There is consideration that should be given to categorise some of your capital as ‘red money’, those funds seen as very much surplus to your needs. This pool of money would eventually pass on to your descendants, or other beneficiaries, after death. Saving beyond what you need is falling out of favour for IHT reasons and any surplus needs a plan. Using pensions as a repository for that ‘red money’ will make less tax sense for some retirees.
Acting sooner with IHT gives you the most flexibility and you will also need to factor money needed for end-of-life IHT budgeting purposes, in particular care. This will see a significant role in cash flow modelling requirements for a lot more clients!

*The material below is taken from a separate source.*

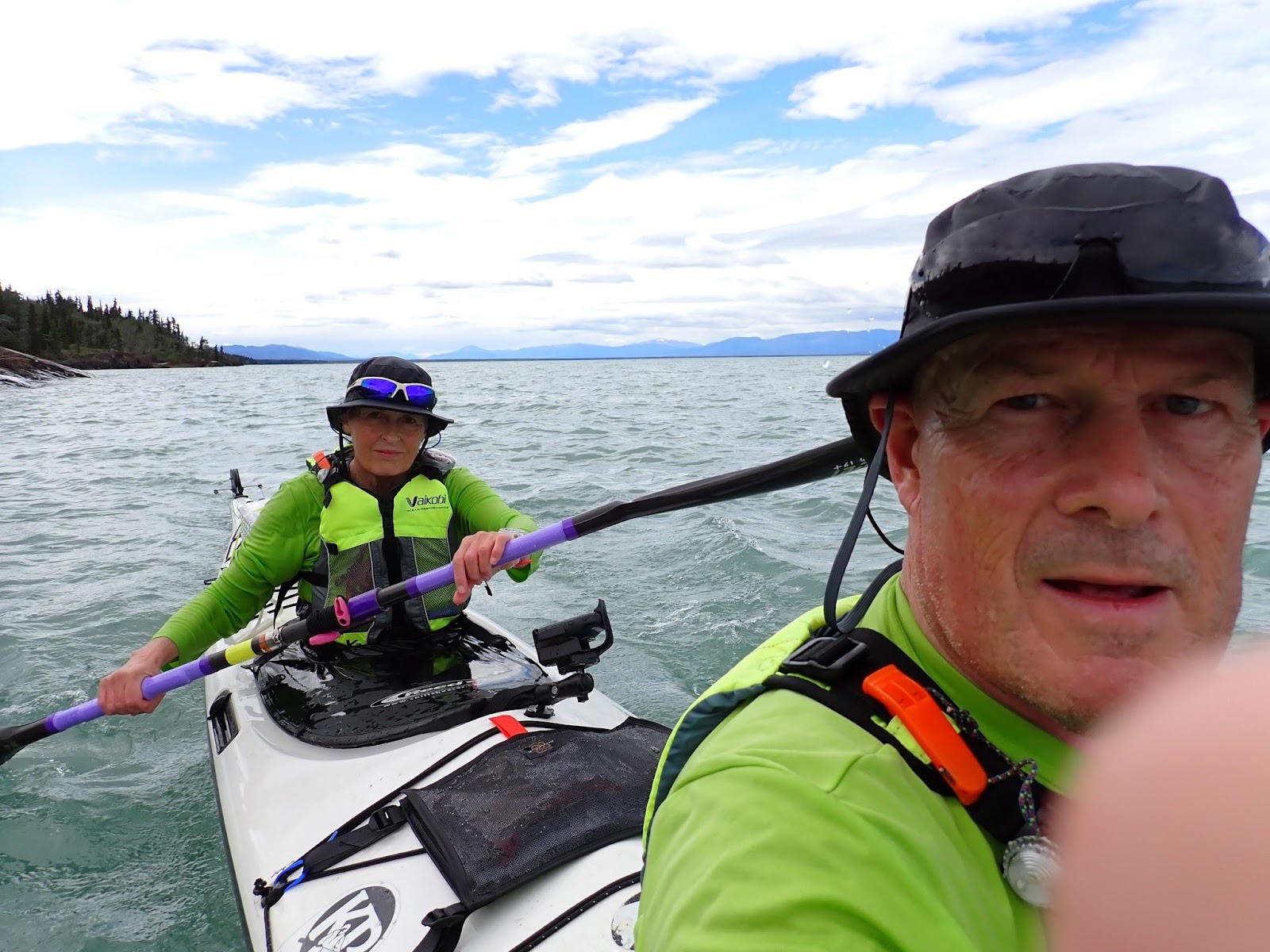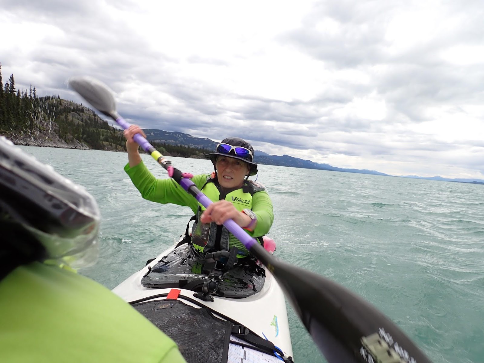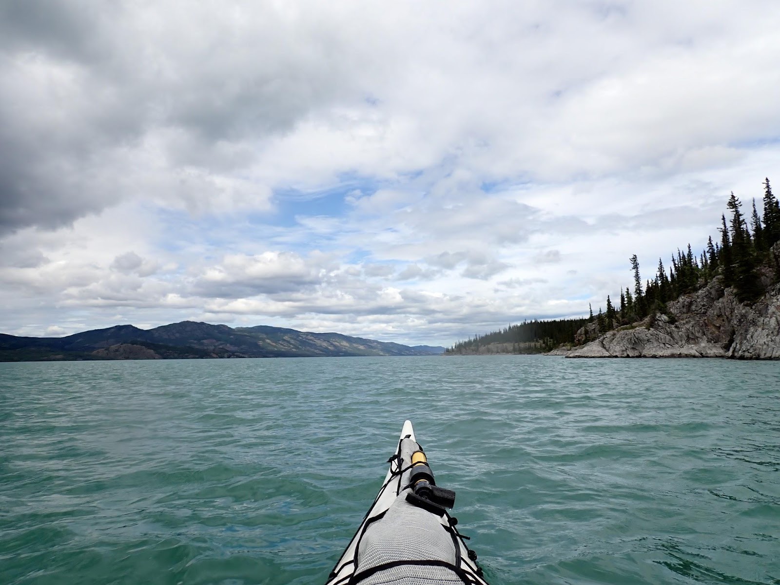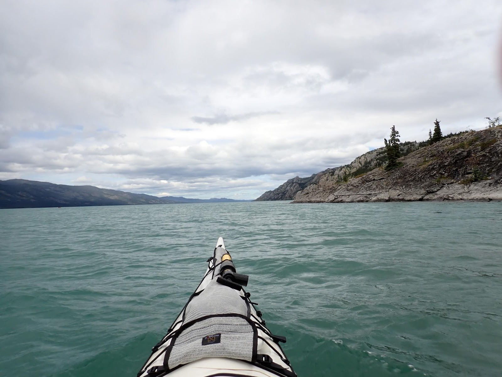 By the time we had the Lower Laberge exit in our sights the waves were about 2ft high and coming diagonally across from behind us. We had been watching the Brodersons out wide, knowing how much skill and nerve it takes to pilot a canoe in those conditions, they have our respect. The kayakers they’d been chasing had been forced to take a long line across the lake to bring them back to exit. That had put them in the middle of the lake for a long stretch at its most chaotic reach. We thought we recognised them as a pair of adventure racers who were quite new to paddling. Sometimes you may be better off not knowing.

Planning involves asking harder questions than: how much cash will you need when you retire? The biggest issue with pensions is that the tax rate will be high for anyone’s inheritance. If a person dies after 75, then beneficiaries need to pay income tax at their normal rate after IHT has been deducted. For every £100 of pension, IHT could eat up £40, but income tax on what is left could swallow £67 altogether.
In the past, the rule of leaving everything in your pension applied, but not anymore.
So, what can you do to avoid IHT that does not involve lots of specialist financial investments such as trusts?
Firstly, try spending your money. Lean into your pension savings and enjoy life, remembering, of course, about the cost of care later in life. Another way to burn through money is to gift from surplus income before retirement.
The regular giving from income exemption is something that has been underused in the past but is increasingly being asked about with inheritance tax applying to pensions from 2027. In theory, you can give away as much as you like using this exemption.
Gifting comes with a few conditions. In the first place, anything you give away must be from income. That might be salary or income from a pension but cannot be from capital. Secondly, your gift must be regular, perhaps monthly or annually and finally, money you give away should not reduce your standard of living.
Should this process not work, there is the fallback of using trusts, which removes the relevant assets from the taxable estate provided the client survives over seven years after adding the assets.
Another method involves whole-of-life insurance policies written into trusts. These pay out when the policyholder dies. The average size of these policies jumped in value by nearly 52% in 2025 over the previous year to £194,431.
One common thread runs through all the advice on IHT: do not put it off. The obvious planning steps apply. Organise the client’s Will and wishes (EoW) for their pensions and make sure all documents are organised as clearly as possible.
How can Prosperis help?
We are already seeing a shift in how clients are accessing their pensions in retirement. There are plenty of other considerations too, such as who are the beneficiaries and personal representatives of the estate; what is the liquidity position of the pension assets – particularly property. The list is not exhaustive and there are many that felt immune from IHT now caught up.
If you have questions, please contact your Prosperis adviser on 01423 223640 or at advice@prosperis.co.uk. If you do not have an adviser we would be delighted to introduce you to one of team of experienced professionals.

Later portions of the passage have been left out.